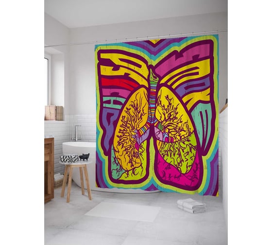Штора (занавеска) для ванной JoyArty "Красочные легкие" из сатена, 180х200 см с крючками, sc_78596
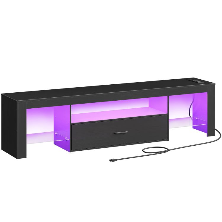 160CM черный светодиодный стенд с силовыми розетками в 75 дюйм телевизор, Игровой развлекательный центр со стеклянными полками и большим ящиком, Современный СМИ ТВ -консольный стол для гостиной спальни
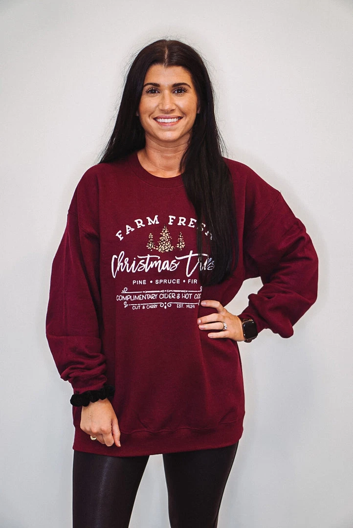 It’s beginning to look a lot like Christmas! We LOVE this Farm Fresh Christmas Trees graphic sweatshirt. Featuring a very pretty heathered burgundy color with crew neckline and cuffed long sleeves. Super cute and comfy!! We will be wearing this babe all season long.
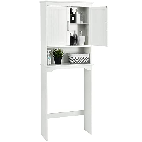 LIFEZEAL Garderob över toalett, Högbadrumsmöbler, Ställning med 2 hindrade dörrar Justerbar, Arrangör för badrum, Tvättmaskin, 63 x 23 x 168 cm
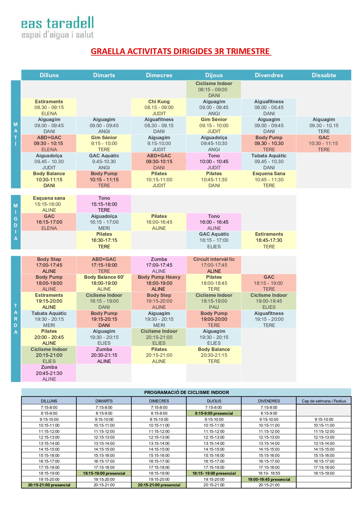 Ja tenim aquí la graella d'activitats del 3r trimestre amb data d'inici el dimarts 7 d'abril de 2026. Oferim un ampli ventall d'activitats dirigides, tant aquàtiques com de sala, incloses en la quota i de lliure accés per als abonats.

* EXERCISE BRIEF *
Copy back, word for word, every line between the top of the material above and the line that contains "LIFEZEAL Garderob över", both included, without any pictures.

* RESULT FOR THIS TASK *
Штора (занавеска) для ванной JoyArty "Красочные легкие" из сатена, 180х200 см с крючками, sc_78596
 160CM черный светодиодный стенд с силовыми розетками в 75 дюйм телевизор, Игровой развлекательный центр со стеклянными полками и большим ящиком, Современный СМИ ТВ -консольный стол для гостиной спальни
 It’s beginning to look a lot like Christmas! We LOVE this Farm Fresh Christmas Trees graphic sweatshirt. Featuring a very pretty heathered burgundy color with crew neckline and cuffed long sleeves. Super cute and comfy!! We will be wearing this babe all season long.
 LIFEZEAL Garderob över toalett, Högbadrumsmöbler, Ställning med 2 hindrade dörrar Justerbar, Arrangör för badrum, Tvättmaskin, 63 x 23 x 168 cm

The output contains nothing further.